To get at a more complete understanding of gut microbial dynamics in the days leading up to infants' diagnosis with the inflammatory disease, the researchers did 16S rRNA sequencing with the Roche 454 Titanium platform to assess 312 fecal samples from 12 infants with necrotizing enterocolitis and 26 without.

Babies in the study were born at an average gestational age of just under 28 weeks. The team collected around seven stool samples from each infant over the course of several weeks.

Using this data, the researchers tracked the dynamics of typical gut microbe colonization, contrasting it with patterns in infants diagnosed with necrotizing enterocolitis.

Microbes from the Proteobacteria, Firmicutes, and Actinobacteria phyla were common across the samples as a whole, for example.

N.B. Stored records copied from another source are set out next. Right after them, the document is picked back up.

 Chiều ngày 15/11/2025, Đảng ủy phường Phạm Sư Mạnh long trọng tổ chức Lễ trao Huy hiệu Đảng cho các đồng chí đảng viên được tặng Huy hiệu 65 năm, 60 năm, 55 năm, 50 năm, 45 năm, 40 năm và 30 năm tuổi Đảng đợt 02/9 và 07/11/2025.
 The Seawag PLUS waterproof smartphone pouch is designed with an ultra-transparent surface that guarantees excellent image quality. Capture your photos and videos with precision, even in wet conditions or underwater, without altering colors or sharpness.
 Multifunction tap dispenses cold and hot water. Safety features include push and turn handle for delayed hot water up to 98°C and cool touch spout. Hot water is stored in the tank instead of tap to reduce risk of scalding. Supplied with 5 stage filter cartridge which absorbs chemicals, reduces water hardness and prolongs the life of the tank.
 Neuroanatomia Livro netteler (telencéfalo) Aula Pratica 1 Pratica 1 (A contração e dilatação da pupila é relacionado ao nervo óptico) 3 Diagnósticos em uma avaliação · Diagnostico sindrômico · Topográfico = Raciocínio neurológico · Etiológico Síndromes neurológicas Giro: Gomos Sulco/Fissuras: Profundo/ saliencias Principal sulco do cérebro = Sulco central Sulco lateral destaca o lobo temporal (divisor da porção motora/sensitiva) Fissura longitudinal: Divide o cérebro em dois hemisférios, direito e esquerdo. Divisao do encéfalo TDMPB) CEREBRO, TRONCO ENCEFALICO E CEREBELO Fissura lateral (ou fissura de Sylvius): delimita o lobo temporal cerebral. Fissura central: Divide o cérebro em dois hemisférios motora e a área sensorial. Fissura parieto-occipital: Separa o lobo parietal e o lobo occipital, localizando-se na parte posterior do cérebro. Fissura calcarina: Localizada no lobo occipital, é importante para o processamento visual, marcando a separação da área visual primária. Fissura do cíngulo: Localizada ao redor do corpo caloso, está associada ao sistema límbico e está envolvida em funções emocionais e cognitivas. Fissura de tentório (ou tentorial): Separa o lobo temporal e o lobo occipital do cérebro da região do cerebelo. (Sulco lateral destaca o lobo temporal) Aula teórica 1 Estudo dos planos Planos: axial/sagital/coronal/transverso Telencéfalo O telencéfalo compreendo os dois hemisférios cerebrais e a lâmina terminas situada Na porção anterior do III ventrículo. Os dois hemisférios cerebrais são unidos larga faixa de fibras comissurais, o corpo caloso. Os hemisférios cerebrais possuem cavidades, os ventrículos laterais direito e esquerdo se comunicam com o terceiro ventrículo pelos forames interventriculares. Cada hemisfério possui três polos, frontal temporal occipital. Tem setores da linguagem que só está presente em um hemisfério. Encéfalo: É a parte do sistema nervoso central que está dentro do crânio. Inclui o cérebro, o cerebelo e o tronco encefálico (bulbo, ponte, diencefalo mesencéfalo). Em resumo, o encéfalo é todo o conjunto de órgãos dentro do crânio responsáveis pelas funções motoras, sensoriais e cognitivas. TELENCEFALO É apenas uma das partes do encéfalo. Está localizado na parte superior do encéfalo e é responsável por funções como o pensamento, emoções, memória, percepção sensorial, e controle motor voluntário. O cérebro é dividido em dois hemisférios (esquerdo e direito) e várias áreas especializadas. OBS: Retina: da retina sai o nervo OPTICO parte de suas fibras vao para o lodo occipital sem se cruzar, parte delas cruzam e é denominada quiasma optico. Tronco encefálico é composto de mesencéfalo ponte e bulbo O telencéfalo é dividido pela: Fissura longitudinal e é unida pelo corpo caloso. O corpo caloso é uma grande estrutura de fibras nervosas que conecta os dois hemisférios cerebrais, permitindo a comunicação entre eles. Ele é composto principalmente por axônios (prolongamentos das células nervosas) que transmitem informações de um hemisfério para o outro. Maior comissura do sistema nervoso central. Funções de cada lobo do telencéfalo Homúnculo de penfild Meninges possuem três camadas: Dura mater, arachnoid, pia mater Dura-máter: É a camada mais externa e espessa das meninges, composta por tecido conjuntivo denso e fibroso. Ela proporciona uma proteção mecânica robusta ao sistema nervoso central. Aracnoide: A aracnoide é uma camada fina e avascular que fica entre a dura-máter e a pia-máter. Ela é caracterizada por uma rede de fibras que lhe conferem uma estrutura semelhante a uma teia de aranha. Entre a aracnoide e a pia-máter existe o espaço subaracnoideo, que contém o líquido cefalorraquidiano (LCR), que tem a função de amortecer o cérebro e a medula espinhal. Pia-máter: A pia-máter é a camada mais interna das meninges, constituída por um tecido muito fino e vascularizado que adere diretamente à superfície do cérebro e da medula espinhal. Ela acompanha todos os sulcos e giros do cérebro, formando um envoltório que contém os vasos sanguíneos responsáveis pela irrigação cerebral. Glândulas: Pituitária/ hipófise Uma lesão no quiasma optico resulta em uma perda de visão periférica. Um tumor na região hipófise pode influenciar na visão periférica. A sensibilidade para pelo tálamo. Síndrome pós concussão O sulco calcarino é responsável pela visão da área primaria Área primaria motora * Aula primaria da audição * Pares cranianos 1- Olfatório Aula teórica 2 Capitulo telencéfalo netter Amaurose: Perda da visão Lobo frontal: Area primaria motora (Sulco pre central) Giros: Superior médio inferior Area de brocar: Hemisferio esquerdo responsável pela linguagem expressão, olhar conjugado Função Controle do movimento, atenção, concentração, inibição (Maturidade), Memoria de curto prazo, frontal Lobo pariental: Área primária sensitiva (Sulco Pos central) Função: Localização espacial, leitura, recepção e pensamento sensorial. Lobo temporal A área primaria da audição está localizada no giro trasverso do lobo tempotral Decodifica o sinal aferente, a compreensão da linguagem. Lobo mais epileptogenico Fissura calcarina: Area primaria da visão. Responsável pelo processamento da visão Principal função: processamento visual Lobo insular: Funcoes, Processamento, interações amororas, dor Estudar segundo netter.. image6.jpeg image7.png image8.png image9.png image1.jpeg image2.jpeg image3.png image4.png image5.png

But collections of microbes found together in the gut also shifted over time as each infant's gut microbiome developed, the team noted.

When they focused on differences found in infants with or without necrotizing enterocolitis, the researchers found disease-associated gut microbe clusters that differed depending on when necrotizing enterocolitis appeared.

Infants diagnosed with necrotizing enterocolitis during the 10 to 22 days after their birth tended to carry more gut bugs from the Clostridia class at the time of diagnosis. On the other hand, those diagnosed at between 23 and 35 days after birth appeared to have higher-than-usual levels of Gammaproteobacteria microbes such as Pseudomonas, Pasteurella, Serratia, and Klebsiella.

The team also saw distinct microbe patterns in the days leading up to disease. Levels of Clostridium sensu stricto climbed prior to disease in infants with early-onset disease, while representation by Staphylococcus and other bacilli waned.

In the late onset group, though, Escherichia and Shigella bugs became prominent prior to diagnosis, but dipped closer to disease onset, when other bugs from the Gammaproteobacteria class gained abundance in the gut.

Those involved in the study cautioned that further research is needed to understand other factors influencing gut microbial patterns in the premature infant gut, including diet, mode of birth, and potential antibiotic exposures.